Back to Eliza

AWS retirement plan

packages/cloud-infra/cloud/AWS_RETIREMENT.md

2.0.18.0 KB
Original Source

AWS retirement plan

Living audit of AWS dependencies in this repo, what they do, what they were migrated to (or kept and redirected), and what is still outstanding.

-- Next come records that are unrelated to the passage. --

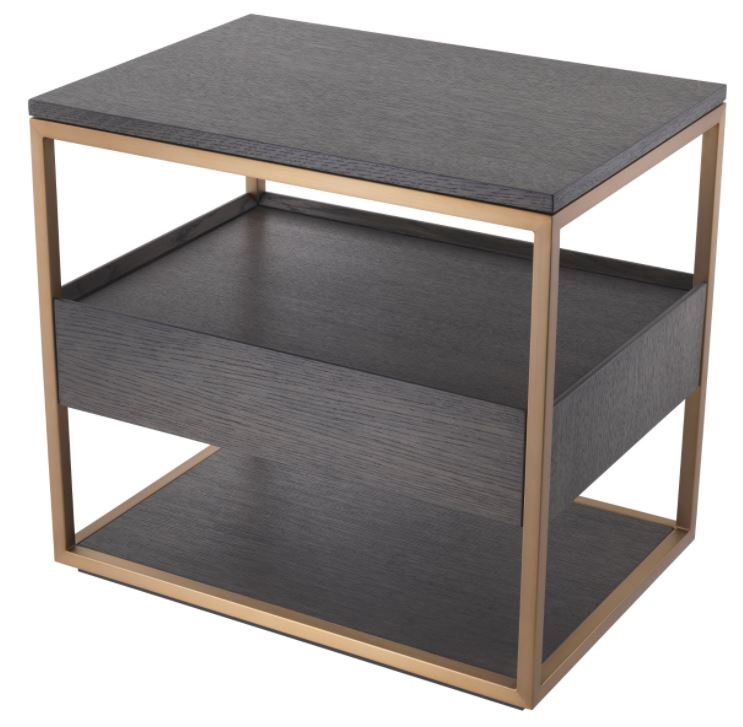 Parker-yöpöytä yhdistää elegantin mokkaviilun, messinkisomisteiden ylellisyyden ja käytännöllisen säilytyksen, tehden siitä täydellisen valinnan makuuhuoneeseen tai monipuoliseksi lisäpöydäksi muihin tiloihin.
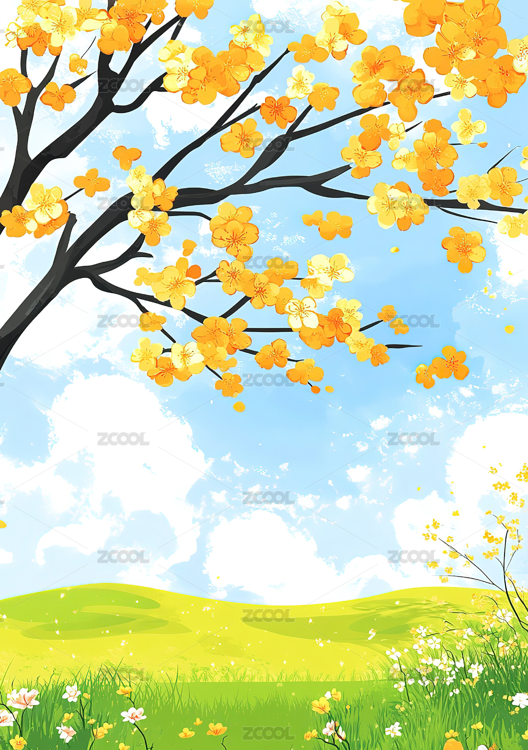 一个穿着黄色斑点裙子的女孩拿着一朵黄色的花飞舞在花丛中
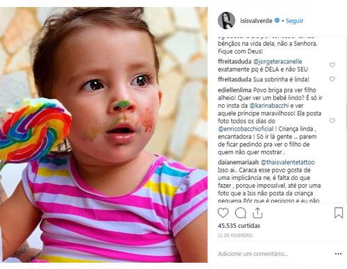 filha de amiga de Isis (Foto: Reproduçã/@isisvalverde)
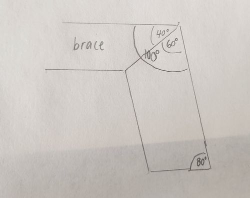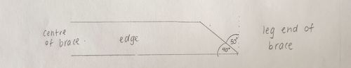 - brace pieces - cut 3 pieces on an angle of 30 degrees. Flipped the piece over then 90 degrees to make the edge grain stand up and cut the other end on an angle of 50 degrees. They are 115mm long. This was the hardest part, especially as I had limited material so I couldn't mess up too much.
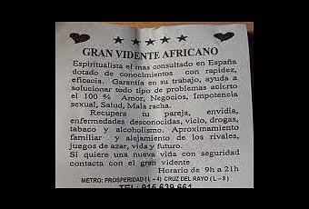 a la sensación que quién va cargada/o de energía negativa por la vida eres tú por lo que lo único que irradias es eso negatividad y es cuestión de tiempo, no mucho generalmente, que una vez que comienzan a suceder las malas cosas se produzca el temido efecto dominó y todo comience a caerse, a romperse o lo que sea que tenga que suceder para joderte un poco más tú ya de por sí jodida vida.Hay que estar muy desesperado como para no ver otra salida a tus problemas que el acudir a que te pasen un montón de hierbajos por los hombros para limpiarte el aura, igual es mejor aunque sea más complicado, intentar sacar toda la negatividad contenida dentro intentando vislumbrar la parte positiva de la situación que vives, aunque sea complicado seguro que existe, porque todo tiene su parte positiva y es aquí cuando hay que sentarse a pensar, a vislumbrar un futuro un poco mejor para que las cosas se vayan enderezando solas pero no sirve tumbarse en el sofá a la espera, hay que ponerse en acción, coger las riendas de tu vida y encaminarla hacía donde quieres ir.Pero llega un momento en el que ya estás cansado de hablar con técnicos que van reparando tu vida por dentro y por fuera, de soltar pasta a diestro y siniestro para que ordenen tu caótica existencia, es entonces cuando abres el buzón y te encuentras con un panfleto del “Profesor Lamin” o cualquier otro “Gran vidente africano” que te asegura resolver todos tus problemas ya sean de amor, de retorno de seres queridos, de problemas de pareja, de obtener algo de suerte en la vida y en el trabajo o en los exámenes, de atracción de clientela, de impotencia sexual o de protección contra peligros y complejos psíquicos y morales y además de solucionarte todo te da un 100% de garantías de eficacia en tan sólo 7 días.
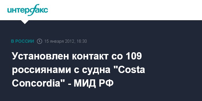 Москва. 15 января. INTERFAX.RU - Российские дипломаты установили связь со 109 гражданами РФ, которые находились на лайнере "Costa Concordia", потерпевшем крушение у берегов Италии, сообщает МИД РФ. "По состоянию на 15.00 мск 15 января посольством установлен контакт с 109 гражданами России", - говорится в сообщении. "Ведется работа по окончательному установлению местонахождения всех российских граждан", - заявляют в МИД РФ.
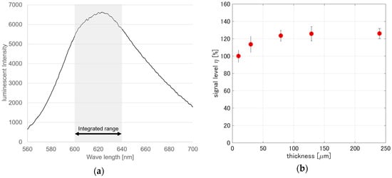 Figure 5a shows a representative luminescent spectrum obtained from PCPSPth01 under the reference conditions, which were 100 kPa and 300 K. The integrated range shown by the shaded area determined the luminescent intensity, I, for the given pressure and temperature. The signal level, η, for each pressure and temperature was determined from Equation (2). The signal level, η, related to the thickness is shown in Figure 5b. It can be seen that as the thickness increases, η approaches saturation. The change in η for the thickness over 80 μm was within the expected level of uncertainty. With the thickness over 80 μm, we could obtain an over 20% increase of η compared to η of 10 μm in thickness. This result tells us that, if we can spray PC-PSP with a thickness over 80 μm, the intensity variation related to the thickness is minimal. This is a good aspect for a PSP measurement, because a spatial variation in luminescent intensity can be reduced by spraying PC-PSP over 80 μm. Also, the signal level saturation implied that the supporting matrix limited the amount of the luminophore per volume of the base coat layer. Even though the PSP was dipped in the solvent for a longer time than investigated here, the dipping time effectiveness on the signal level of PSP samples might not be significant.
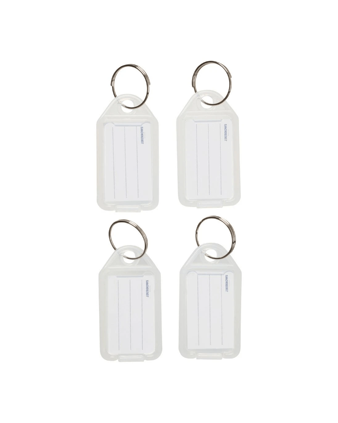 These J.Burrows Key Tags are ideal for keeping your keys identifiable and organised. They have pre-cut paper insert labels so you can quickly write down what they keys are for, to ensure you're not shuffling around finding the right key on your ring. The tags are made of a durable plastic.
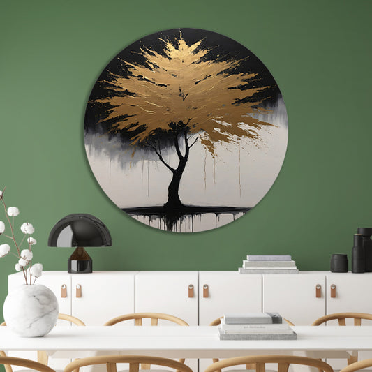 Abstracte Gouden Boom in Monochrome Reflectie aluminium muurcirkel
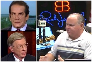 On his radio show Monday, Rush Limbaugh questioned the conservative loyalty of Fox News commentators Charles Krauthammer and George Will after new revelations from Krauthammer’s heavily-promoted new book, Things That Matter: Three Decades of Passions, Pastimes and Politics, currently residing at #1 on Amazon.
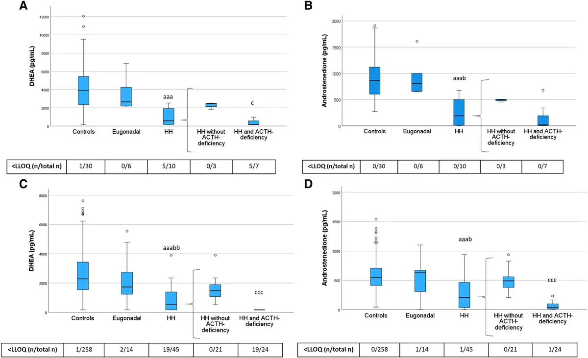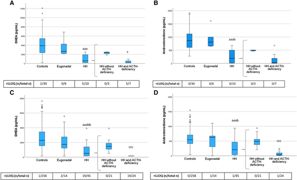 DHEA and androstenedione levels in PRE-Y (A, B) and POST-O (C, D) women with hypopituitarism and controls. All women were without ERT. Box boundaries represent the 25th to 75th percentile, horizontal bars represent median values, whiskers represent lowest/highest values that is not an outlier, and circles represent statistical outliers. aaaP < .001 vs controls, bP < .05, bbP < .01 vs eugonadal, cP < .05 cccP < .001 vs HH without ACTH deficiency. (Kruskal–Wallis test, with multiple pairwise comparisons by Dunn–Bonferroni test, was used to compare controls, engonadal, and HH. Mann–Whitney U-test was used to compare HH with and without ACTH deficiency.) Values < LLOQ were set to LLOQ/√2 in the analysis.
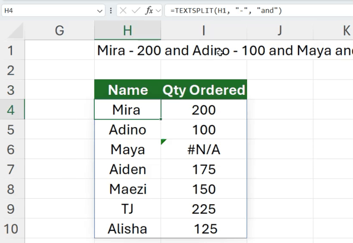 Since we want to create a new row for each name we will use the “and” as a delimiter. That’s right, with =TEXTSPLIT() you can use a word as a delimiter also!
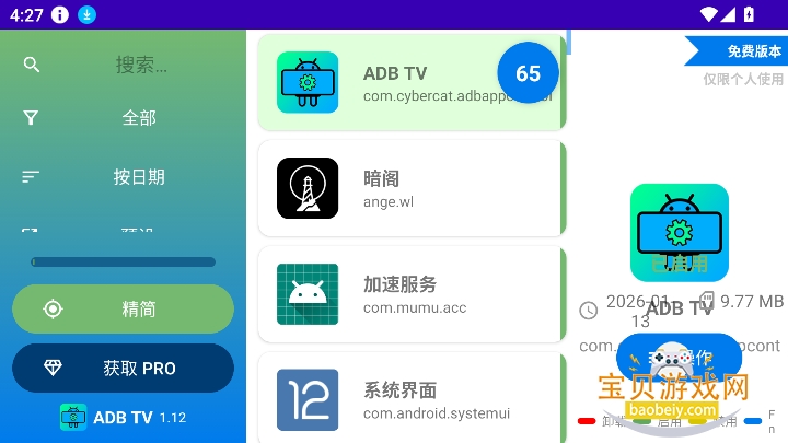 ADB TV版下载2026最新版,一款专业的adb调试工具,软件基于ADB调试功能开发,能够直接禁用或卸载电视系统的应用,有效释放存储空间、提升系统运行流畅度,减少不必要的广告干扰。同时支持按名称、安装日期、文件大小等多维度对应用进行排行筛选,方便快速定位目标应用;还内置屏幕分辨率管理功能,满足用户个性化显示需求,是优化电视使用体验、高效管理电视应用的实用工具。需要的欢迎来宝贝游戏网下载使用哦!
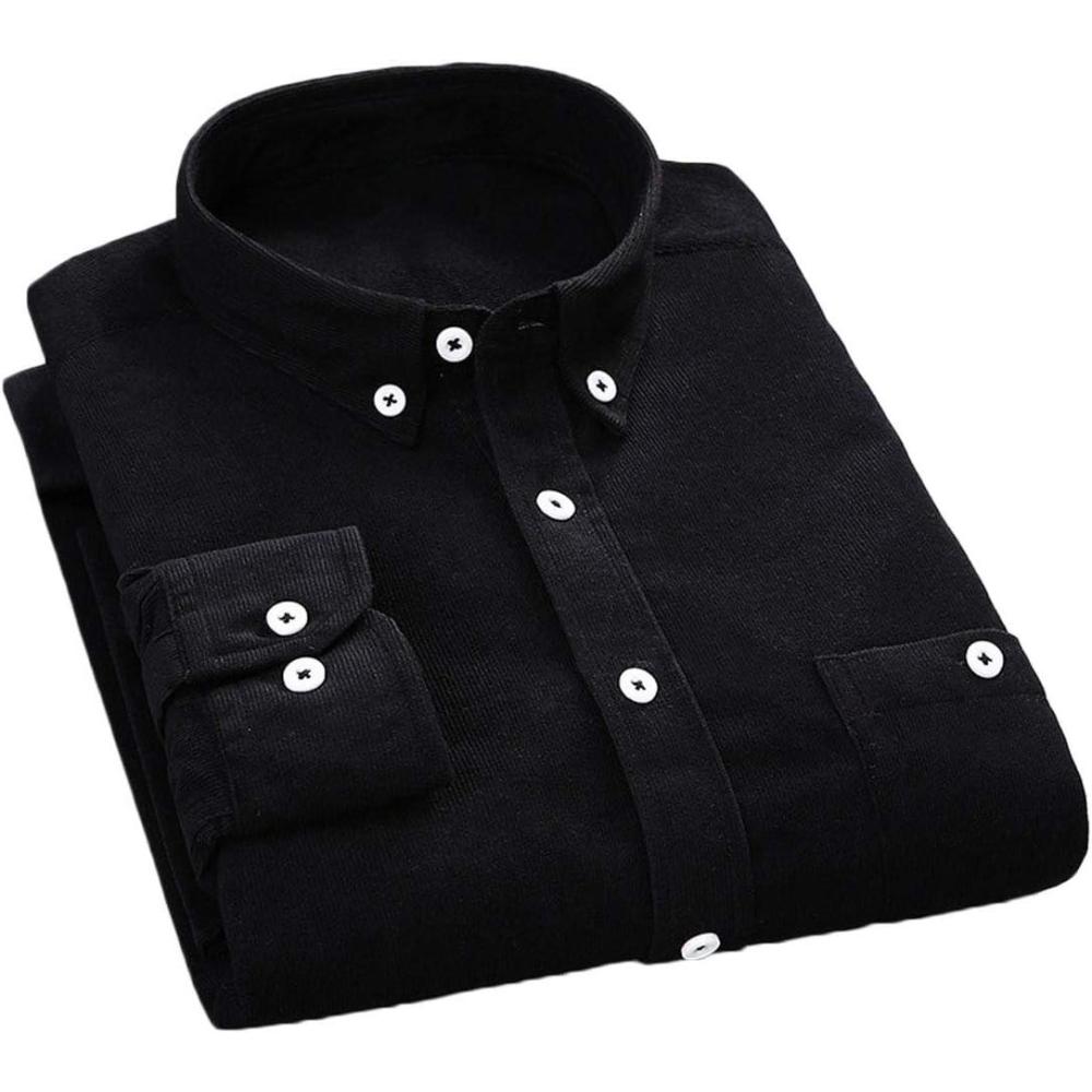 Flygo Mens Casual Corduroy Shirt Button Down Long Sleeve Solid Tops Shirts Jacket(Black)
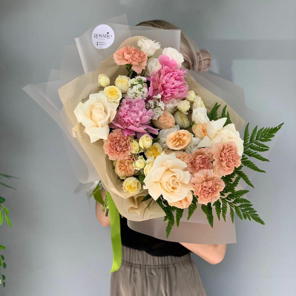 Гвоздики, Кустовые розы, Пионовидные розы, Розы
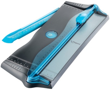 capacité de découpe: 5 feuilles, longueur de coupe: 305 mm,, mesures de la plaque: (L)380 x (P)150 mm, plaque de coupe en, plastique, 6 patins anti-dérapants, avec règle, coupe avec, sécurité automatique, compartiment de lames verrouillé, incl, 2 lames, couleur: noir/bleu (894110 1)
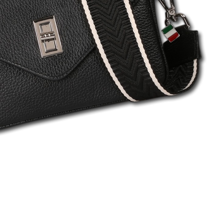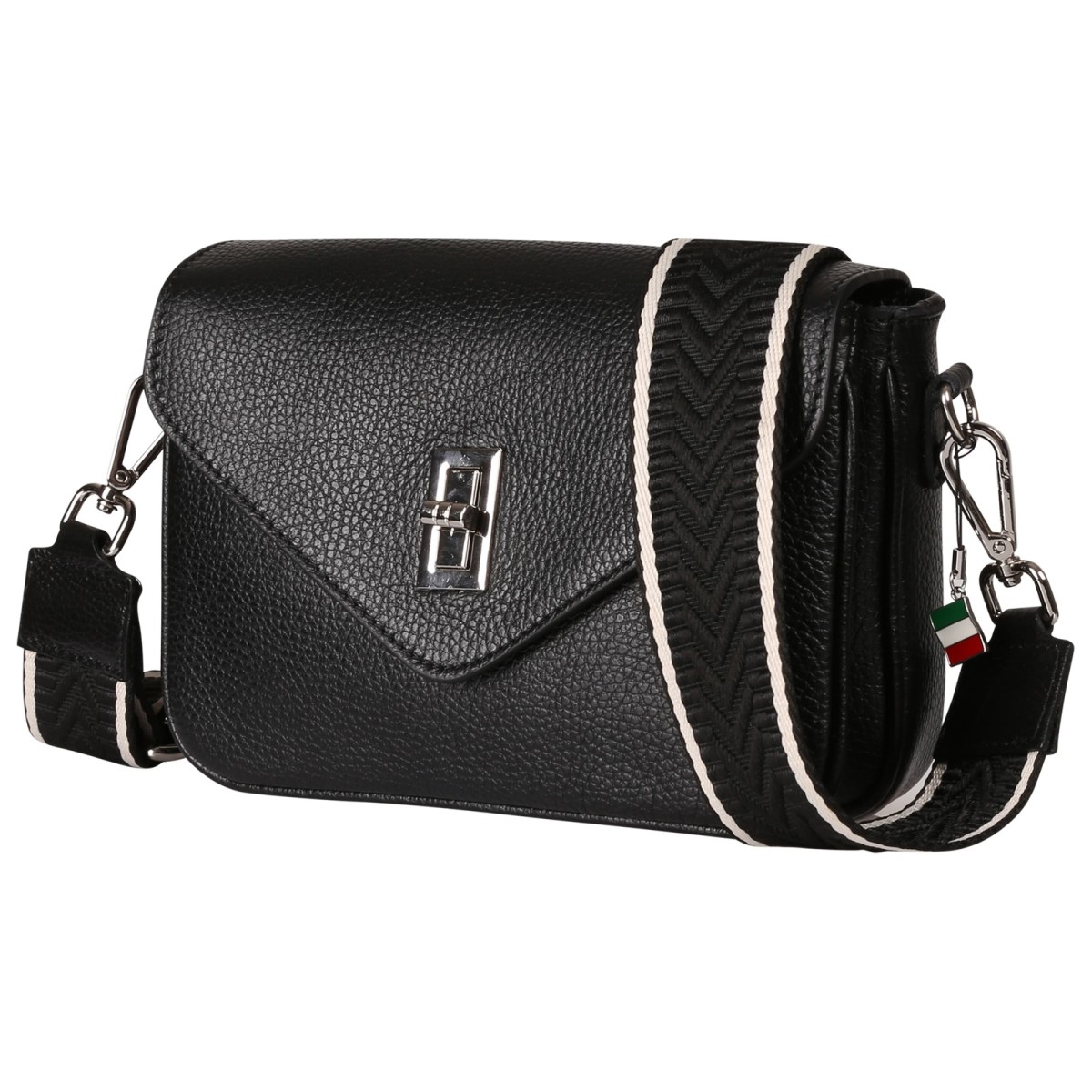 Diese moderne Schultertasche besticht durch die praktische Form und ist aus italienischem Leder. Sie wird mit einer Klappe und zusätzlich einem Reißverschluss sicher verschlossen. Die Echtledertasche ist mit einem dekorativen Gurt ausgestattet, der verstellbar und austauschbar ist. So kann die Tasche crossbody getragen werden. Diese stylische Design-Tasche hat eine Größe von ca. 22cm x 15cm.- Besonderheiten:
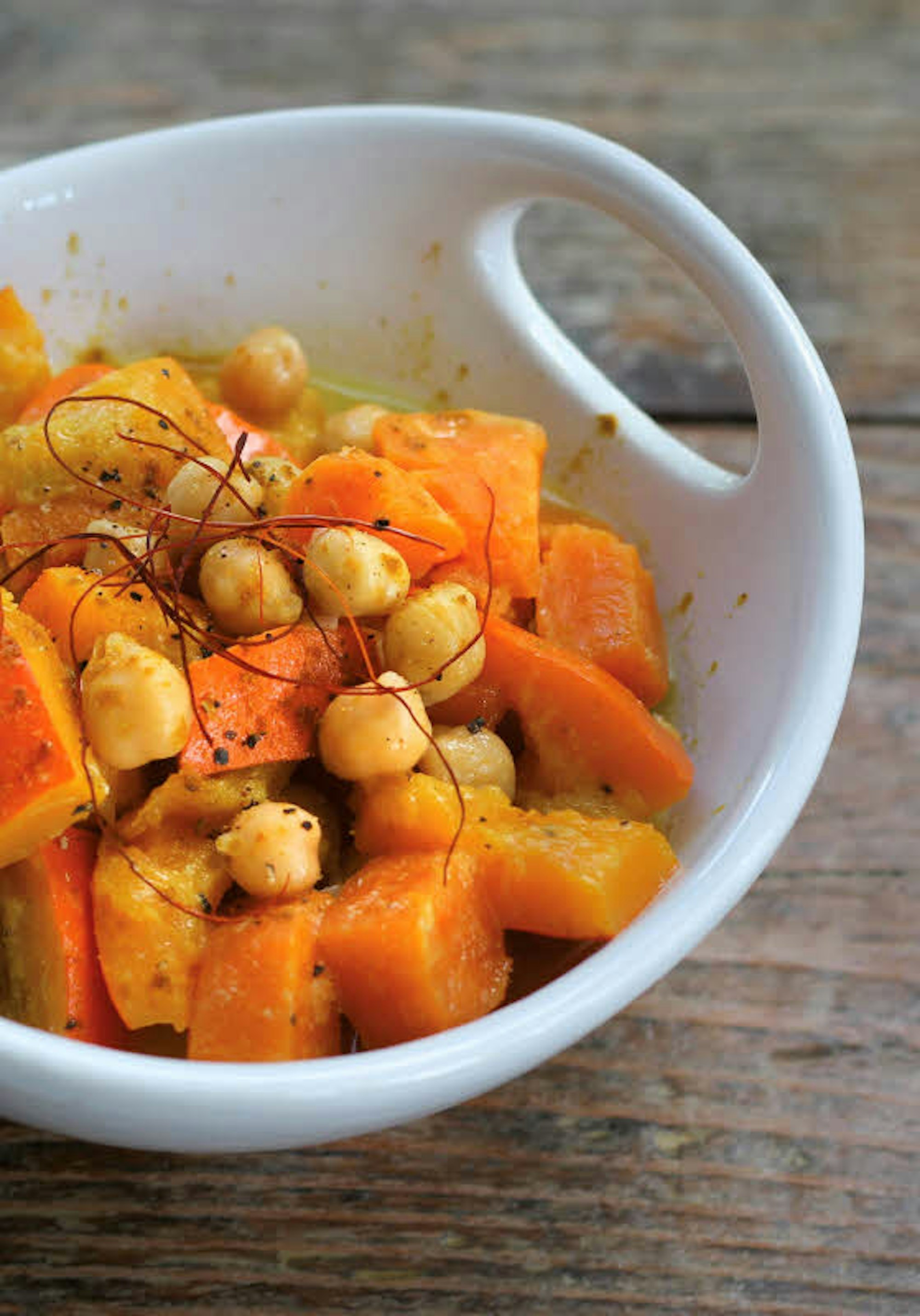 Curry aus Süßkartoffeln, Kürbis und Kichererbsen und Kokosmilch.

Pair this with RAILWAY.md (where central services run today) and the storage notes in ../../cloud-shared/src/lib/storage/s3-compatible-client.ts (how the S3 SDK is pointed at Cloudflare R2 / Supabase / generic S3 endpoints).

TL;DR

We are retiring AWS as a primary backend. The replacements per surface:

AWS serviceReplacement
S3Cloudflare R2 (via @aws-sdk/client-s3 against R2 endpoint)
KMSLocalKMSProvider (AES-256-GCM with SECRETS_MASTER_KEY)
ECS / EKS containersHetzner via container-control-plane
LambdaCloudflare Workers (cloud-api, gateway-*)
RDSNeon Postgres
ElastiCacheUpstash Redis (managed) / redis package
CloudFront / Route53Cloudflare (Pages + DNS)
SQS / SNSNot currently used in core services

Classification

(K) Keep — provider-agnostic, points at non-AWS backend

DependencyWhereWhy kept
@aws-sdk/client-s3packages/cloud-sharedS3 wire protocol is the de-facto standard for object storage. s3-compatible-client.ts resolves STORAGE_PROVIDER (r2, supabase, s3) and points the client at R2 (*.r2.cloudflarestorage.com), self-hosted Supabase, or any generic S3 endpoint. There is no AWS S3 account in the production path.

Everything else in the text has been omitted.